Clyde kisses Bebe, or maybe Bebe kisses Clyde- either way he tells Craig all about it during lunch. It's the new fifth grade fad; kissing. It's not something you want; it's something you _need_. Guys aren't cool if they don't kiss, if they don't get rid of their first-kiss-virginity. They'd be called pussies because everyone would assume they're afraid of cooties. Cooties are now immature. Craig figures it's most likely the same for girls.

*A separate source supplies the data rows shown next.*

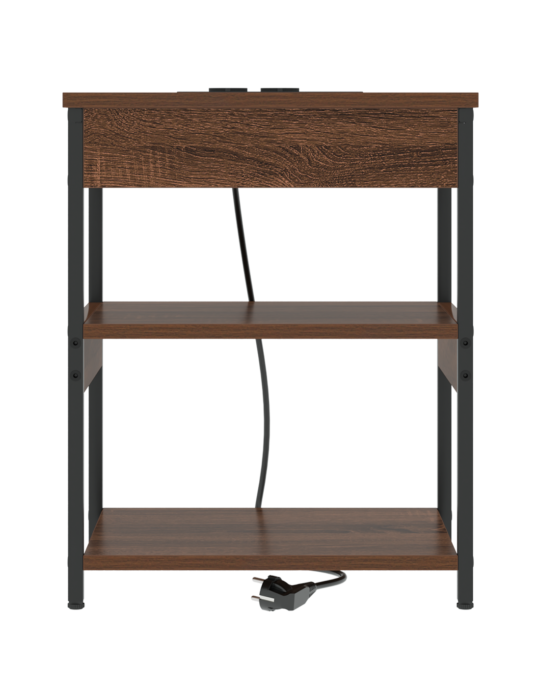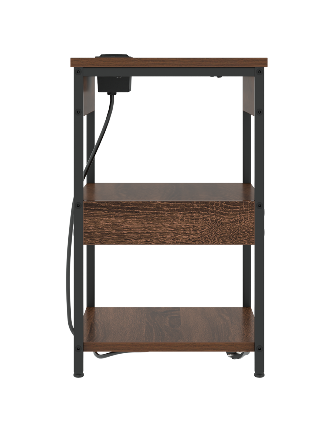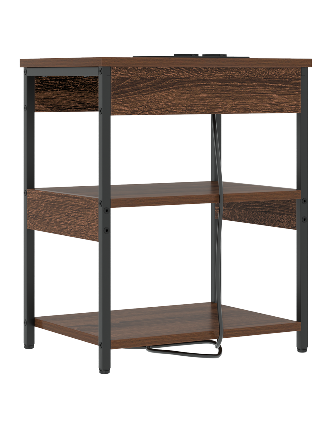 - Materiali: Realizzato in legno ingegnerizzato resistente, questo comodino mescola il calore del legno con la forza dell'acciaio, garantendo durata e manutenzione facile. Ideale per mantenere il tuo spazio ordinato e pratico.
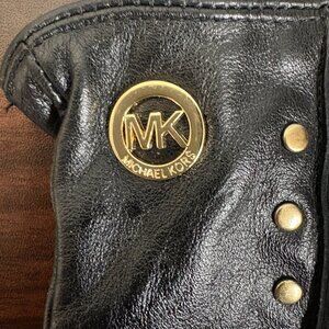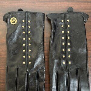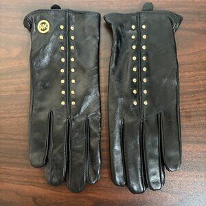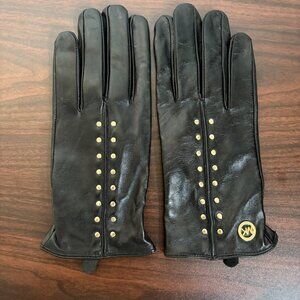 MICHAEL Michael Kors Women's Leather Astor Studded Gloves Black Size L
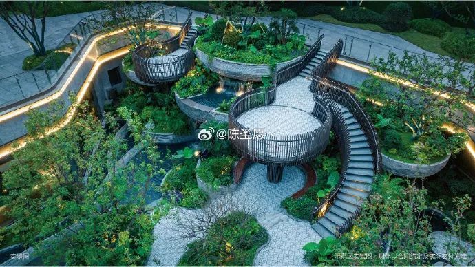 据说项目会参考的南京天琴华樟项目,下沉式庭院采用如图中这样的立体景观,6米多高的立体景观,有点期待最终呈现效果。
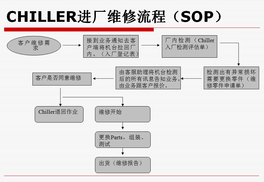 现场不可处理故障:机台拖回我司做现场测试,判断,照顾故障,在既定的时间内出机台到客户端。
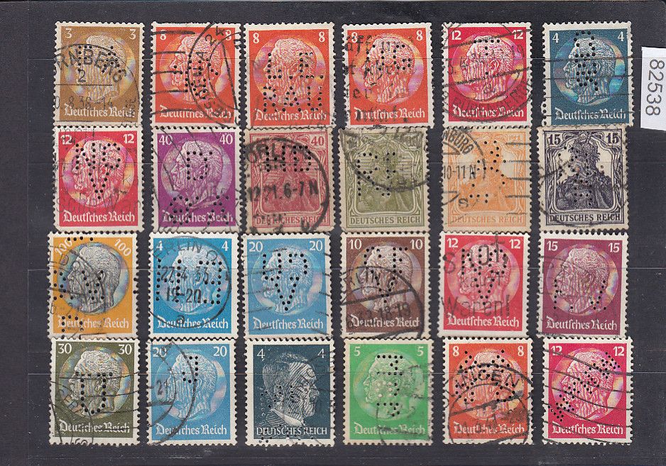 Wir lösen eine große Sammlung Perfins / Lochungen auf (ca. 20,000 Stk) hierraus erhalten Sie die im Bild zu sehen Marken. Erhaltung entnehmen Sie bitte dem Bild. Weitere Artikel im Shop und der Kategorie "Firmenlochungen, Perfins " Sie bekommen den abgebildeten Artikel

Clyde takes a bite of his sandwich and says, "Everybody's doing it. Especially Kenny." Craig's eyebrows rise, Clyde nods. "Yeah, I swear. He's probably kissed every girl in the fifth grade."

"Even Bebe?"

Clyde's eyes widen; he stops chewing. Token chuckles.

That day, Red kisses Kenny, but it doesn't count because Kenny kisses everyone. So she kisses Craig at recess. The lip on lip contact makes her blush but he doesn't. His friends congratulate him on losing his first-kiss-virginity, but he doesn't feel any pride and they don't call it first-kiss-virginity; they don't know what virginity is yet. Instead, Craig licks his lips and tastes something he doesn't like.

Craig thinks kissing is a bad thing.

…

In class, no one listens; no one raises his or her hand to answer questions except Wendy, who is an overachiever. Craig waits for the next South Park catastrophe he can miss out on, or at least try to. Sometimes, he gets caught up in the stereotypical town drama and that's the worst feeling: the feeling of being stuck in a spider's web.

Other times, he has to team up with Kenny, the infamous female kisser, to finish class projects. That was primarily the entire school year, total wastes of time, class projects. The subject always varied, as it should. One project was about Abraham Lincoln, another was focused on American Revolution; whatever it was, Kenny never slacked on it which was sort of surprising. Craig notices his nice handwriting, the way he slouches when he works.

He never said too much, never said enough. The hood enveloping his mouth was more like a veil hiding lips and words too sacred or possibly too vulgar for a fifth grader. Craig didn't want to know what it could've been. He didn't want to know about Kenny. He didn't need to. Kenny was poor and quietly perverted. He knew enough.

But when Kenny looks at him, blue eyes staring deep into Craig's, it changes his mind but only for a fleeting instant.

"What?"

The next fleeting instant is Craig scrambling for the glue stick in the blonde's hand, a quick aversion of the eyes, and the slightest tinge of embarrassment Craig could have ever felt. He didn't feel it much because he's only a fifth grader and fifth graders don't know what fleeting instants are but in the stern of his mind it's still there.

The next instant is unremarkable for the both of them and deserves a middle finger to the face. "Nothing."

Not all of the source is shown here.